Catalyst: Vernon Jordan
By Kenrya Rankin

Talk about nine lives.
Vernon Eulion Jordan Jr.’s catlike curiosity is matched only by his ability to recreate himself. The author of Vernon Can Read! and Make It Plain: Standing Up and Speaking Out went from a young black boy in Jim Crow Atlanta to a national powerbroker. Nicknamed “Man” by his mother at an early age, Jordan constantly worked to prove himself worthy of the moniker, even at a time when most black men were denied the not-so-simple courtesy of that title.
Now 75, the Washington, D.C.–based attorney stands in the gap between the corporate world and the political one. He has several presidential appointments on his CV, including the President’s Advisory Committee for the Points of Light Initiative Foundation, the Advisory Council on Social Security, the Secretary of State’s Advisory Committee on South Africa and the Presidential Clemency Board—plus he headed President Clinton’s transition team in 1992. He’s also served on various corporate boards, including American Express, Xerox, Dow Jones and Company, J.C. Penney Corporation, Sara Lee and Revlon.
But no one (except maybe Jordan himself) would have guessed that that was his destiny back in 1953, when he became the only black student in his class at
DePauw University in Greencastle, Indiana. He finished his degree in political science and moved on to his third life at Howard University Law School, fighting at the forefront of the civil rights movement.
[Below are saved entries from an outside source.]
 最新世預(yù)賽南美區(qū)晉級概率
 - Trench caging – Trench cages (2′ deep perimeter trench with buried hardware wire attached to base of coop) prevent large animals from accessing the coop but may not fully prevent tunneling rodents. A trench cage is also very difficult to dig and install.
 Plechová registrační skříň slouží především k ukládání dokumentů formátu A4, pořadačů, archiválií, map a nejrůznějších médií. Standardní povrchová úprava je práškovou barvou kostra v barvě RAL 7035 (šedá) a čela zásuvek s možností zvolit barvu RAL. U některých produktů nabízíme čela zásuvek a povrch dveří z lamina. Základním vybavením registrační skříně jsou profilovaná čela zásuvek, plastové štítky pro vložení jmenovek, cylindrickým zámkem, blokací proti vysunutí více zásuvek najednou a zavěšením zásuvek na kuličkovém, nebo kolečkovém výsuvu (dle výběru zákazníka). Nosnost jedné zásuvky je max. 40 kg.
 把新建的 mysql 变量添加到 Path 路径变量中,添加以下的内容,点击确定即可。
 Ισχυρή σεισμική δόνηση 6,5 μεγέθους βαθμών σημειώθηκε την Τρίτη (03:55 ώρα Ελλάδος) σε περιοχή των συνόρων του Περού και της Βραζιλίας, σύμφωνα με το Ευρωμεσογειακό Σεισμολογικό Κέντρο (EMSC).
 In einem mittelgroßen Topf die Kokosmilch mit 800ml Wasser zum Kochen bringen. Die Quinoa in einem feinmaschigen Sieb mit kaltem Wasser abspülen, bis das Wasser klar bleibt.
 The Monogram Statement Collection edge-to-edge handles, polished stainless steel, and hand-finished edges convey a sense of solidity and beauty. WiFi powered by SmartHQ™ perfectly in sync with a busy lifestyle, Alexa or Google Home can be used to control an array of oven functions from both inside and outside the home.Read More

Name a major organization and Jordan has worked within it: as Georgia field director for the National Association for the Advancement of Colored People, director of the Voter Education Project for the Southern Regional Council, executive director of the United Negro College Fund, president and CEO of the National Urban League for 10 years (where he created the State of Black America report, which the organization still publishes annually) and a member of President Lyndon B. Johnson’s White House Conference on Civil Rights.
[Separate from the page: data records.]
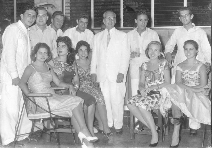 Fiesta Guajira, circa 1951De izquierda a derecha, parados: Rolando (El Guajiro) Acosta, Toñín Llama, ? Junco, Desconocido, Severo Pina, Francisco (Cuco) Cosío y Mario (El Piti) de la Guardia.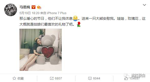 “520”前一天,还在微博里秀收到的大熊和玫瑰花。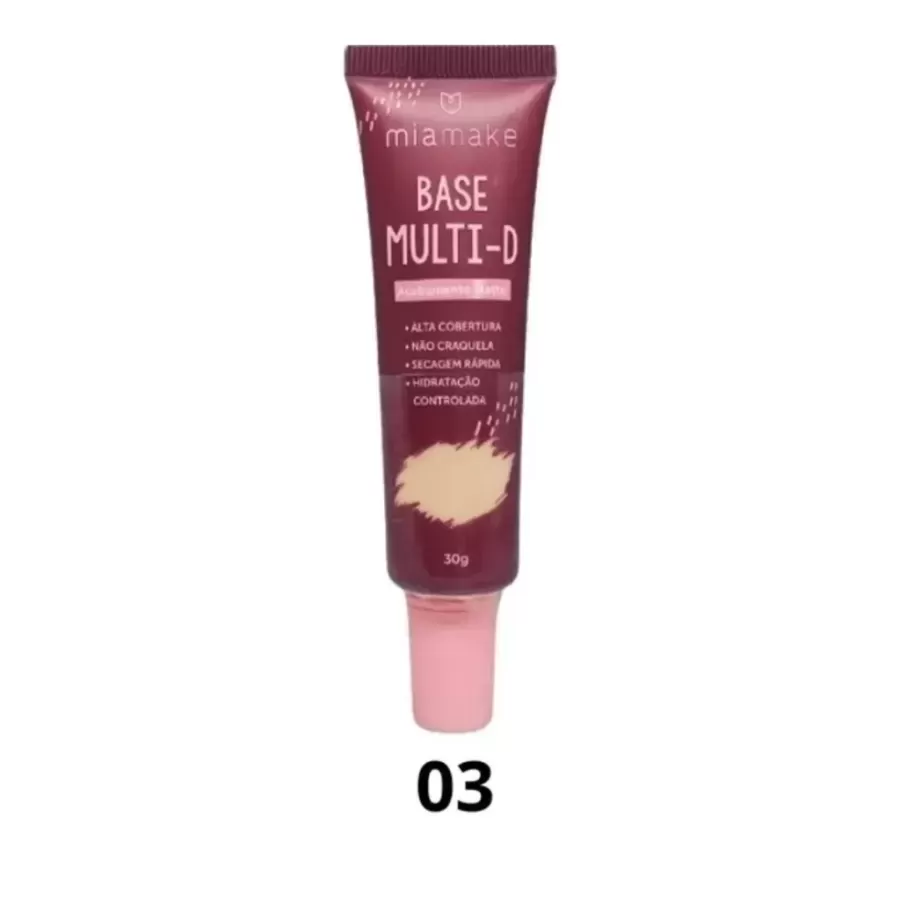 A Base Líquida Multi-D Acabamento Matte Tons Médios da Mia Make proporciona uma cobertura uniforme e de longa duração. Sua fórmula leve e oil-free controla a oleosidade, oferecendo um acabamento matte impecável. Ideal para peles de tons médios, disfarça imperfeições e proporciona um visual natural e sem brilho ao longo do dia.

A racially motivated attempt on his life outside a Marriott Hotel in Fort Wayne, Indiana, in May 1980 prompted Jordan to resign from the National Urban League. Two years later, he headed to the law firm Akin Gump, where he is currently senior counsel. He also serves as director of global investment bank Lazard Ltd. Three decades after embracing corporate America, Jordan doesn’t show signs of slowing down. And why should he? By our count, he still has at least four lives to go.